Eventually I'd like to make the entire set pictured above for myself. I'd like to start with the headboard and then move on to the frame and night tables.

I have little to no experience woodworking and access to a fair amount of woodworking tools. I'd rather take my time, learn the proper skills and do this project right then just go for it and do a lousy job sooner.

Right now I've got a few questions about the headboard.

1. What's your suggestion on the best way to put it together? (one piece of wood that's routed, several pieces put together, etc?)

2. What kind of tools do you think will be absolutely essential to the assembly method you've suggested?

3. What type of wood would you suggest? (maple, pine etc but also ply board or solid piece)

I apologize if my questions seem ignorant, that's just kind of where I'm at with woodworking right now. I suppose I need to start somewhere though. Maybe a fourth question would be:

4. Are there any other projects you would suggest I tackle first to better prepare myself for this one?

and:

5. Any other tips or pieces of advice on how I should proceed with this project or my journey into woodworking in general?


Thanks very much for your time


----------



## chopnhack (Dec 16, 2007)

Kudos for thinking big! I would suggest that before you tackle a job of this size that you might want to brush up on the basics. Are you able to cut to a line with a hand saw or circular saw? Are you able to mark and measure accurately? This may sound rudimentary, but unless you are able to perform these basics, you will not be able to accomplish any project. 

Not assuming this, I would measure the headboard or get the specs, because just looking at it, to me it appears to be over 8' long so two sheets of plywood stacked on top of each other with lines routed out will not work unless you have access to a specialty supplier that has longer panels. If you don't mind not reproducing 100% then this is the method I would use. The panels could be mated and braced from behind with some 1x3 or even 2x4 or at each corner behind the panels so that they are not in view with a wooden post.

The end tables look like they are just simple U shaped tables, nothing more than butt joints could get it done. 

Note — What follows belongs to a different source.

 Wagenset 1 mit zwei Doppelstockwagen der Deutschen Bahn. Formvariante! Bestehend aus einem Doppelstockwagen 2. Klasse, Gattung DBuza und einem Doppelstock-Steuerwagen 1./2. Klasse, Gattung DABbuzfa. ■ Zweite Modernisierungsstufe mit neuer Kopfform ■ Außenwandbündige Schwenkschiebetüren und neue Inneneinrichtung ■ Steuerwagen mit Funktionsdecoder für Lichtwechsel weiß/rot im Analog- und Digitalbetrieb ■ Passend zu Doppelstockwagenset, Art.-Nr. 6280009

The bed seems to be a simple low platform bed, 4 short chunky posts with dado's across one or two faces to allow rails to pass horizontally, the rails in my opinion could be 2x6 or similar width with a rabbet on the top edge to capture the large platform that will sit on top, which can be nothing more than plywood panels. These of course will have to be supported by a grid of stringers that attach to the left and right rail if you view the piece head on.

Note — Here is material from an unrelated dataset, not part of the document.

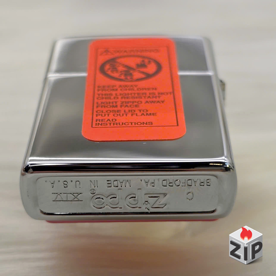 - Kiểu dáng: Zippo tiêu chuẩn (đời la mã – 14 la mã/xiv ở đáy), vỏ được mạ chrome bóng (hp), tạo vẻ ngoài sang trọng như gương.

As for wood, use what you have access to. I say this because ultimately if you have little or no experience, your best solution would be to paint the piece. Of course you could save yourself some time and make the whole thing out of Gaboon Ebony :laughing: just kidding.

A router and circular saw with associated straight line guides would be necessary. 

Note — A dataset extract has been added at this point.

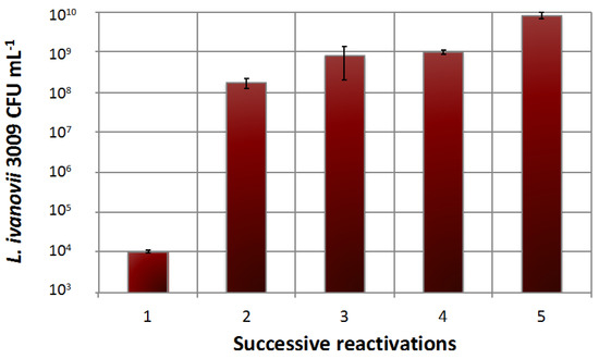 Transfers of Listeria ivanovii WSLC 3009 immobilised cells in fresh Trypticase soy broth (TSB) medium. Each reactivation was followed by an interval of 12 h. Bacterial concentrations were measured after 12 h of growth at 30 °C. Mean values were calculated from two independent experiments, and error bars correspond to standard deviations.

As for advice, read as much as you can. Tackle smaller projects that will teach you the basics first. Go to a woodworking class if you can.
Enjoy ;-)


----------



## woodnthings (Jan 24, 2009)

*agree with the approach to basics*

You can think of the project being made from separate modules that get joined together. The frame would have at least 4 separate pieces, the headboard might have 4 pieces as well depending on the height and length, and the night stands would be separate and attached or sitting on top of the frame. It's a cool contemporary design in my opinion and I like the black finish.

Working drawings with dimension will be necessary for one. :smile:

A draftsmans' T square and some white butcher paper OR some cheap 1/4" plywood with a smooth surface.

Your "access" to other tools needs to be specified ....which tools?
How much working space is available for this big project. Final assembly can be at the site but a dry fit prior would be best.


----------